The discussions showed that women’s perception of public health facilities and quality of care influenced their health-seeking behaviour during pregnancy. Generally, public health facilities were perceived to provide low-quality services due to inadequate critical staff, equipment, and essential medicines. In addition, although private health facilities were preferred over public health facilities, their use was associated with being able to afford the services.

“In the first three months of pregnancy, the midwives always check the health status of the woman and the baby but because of the lack of female doctors, it is better to go to the private clinic.
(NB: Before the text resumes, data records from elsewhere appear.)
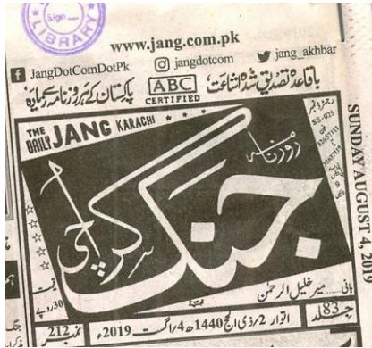
PAGE # 6
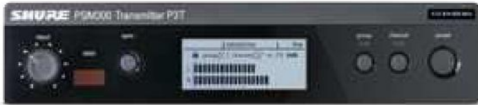
P3T Wireless Transmitter
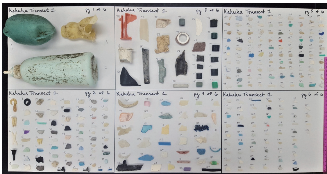
Figure 3 Photo of Hawaiian marine debris items, Windward Oahu beach. Kahuku Transect 1 [7]

Raman is a relatively new technology for MP analysis, gaining recognition in recent years. It is important to evaluate a new technology with respect to existing technologies. For MP analysis, the two methods used are mainly pyrolysis gas chromatography-mass spectrometer (pyro-GC-MS) and Fourier transform infrared (FT-IR) spectroscopy. MP samples from Hawaii were analyzed by three technologies for comparison, each at a different laboratory using a different technology. The results proved not the superiority of a single technology but the impor-
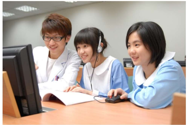
E-teaching and learning environment
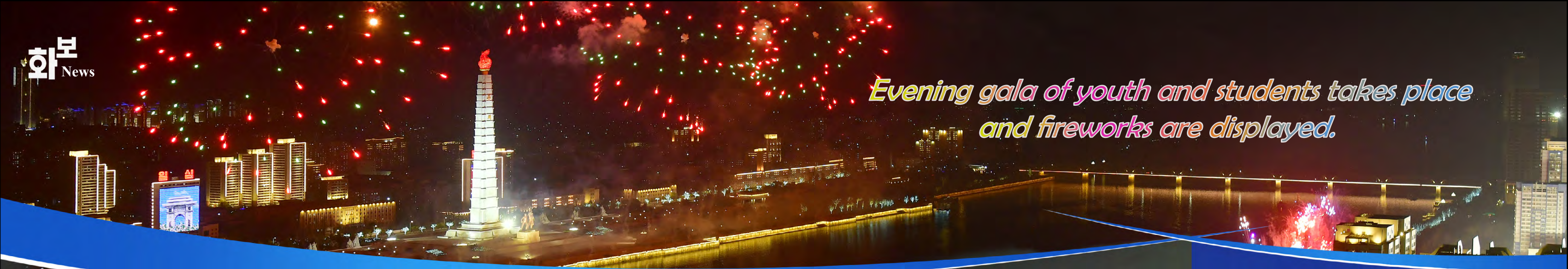
Evening gala of youth and students takes place and fireworks are displayed.

If I don’t have enough money to go to the private clinic I go to the maternity and childhood centres to check the health of my baby, I don’t have any other option” (Mother 4; 25-29 years old; Abyan).

“If I know I am pregnant I do the physical examination in the private clinic until I feel that I am good then I go to the reproductive healthcare centres in the second trimester” (Mother 1; 25-29 years old; Lahj).

Women also alternated between public health facilities and private facilities to receive care.

“In the first month of my pregnancy, I went to the private clinic to do the blood test and after two months, I went to the maternity and childhood health centre for ‘echo’]Fetal echocardiography[. Then I returned to the reproductive healthcare centre after two months to continue receiving the other services” (Mother 2; 25–29years old; Abyan)

The interviews with the midwives confirmed the narratives of the mothers.

“We don’t have enough female doctors. In addition to that, the services we provide are below standards, they are poor in terms of quality. Because of that the mothers who are highly educated and can afford services, prefer to visit the private health facilities to receive reproductive health services” (Midwife 3; Lahj)

  1. ii)

    Early antenatal care is associated with a perceived need

According to the data, there was a consensus on early ANC attendance in the first trimester of pregnancy. Nonetheless, women’s use of ANC in the first trimester in public health facilities was associated with women’s perceived need for services, which was shaped by the presence of obstetric complications, availability of female doctors, and medical interventions during pregnancy, such as folic acid supplementation.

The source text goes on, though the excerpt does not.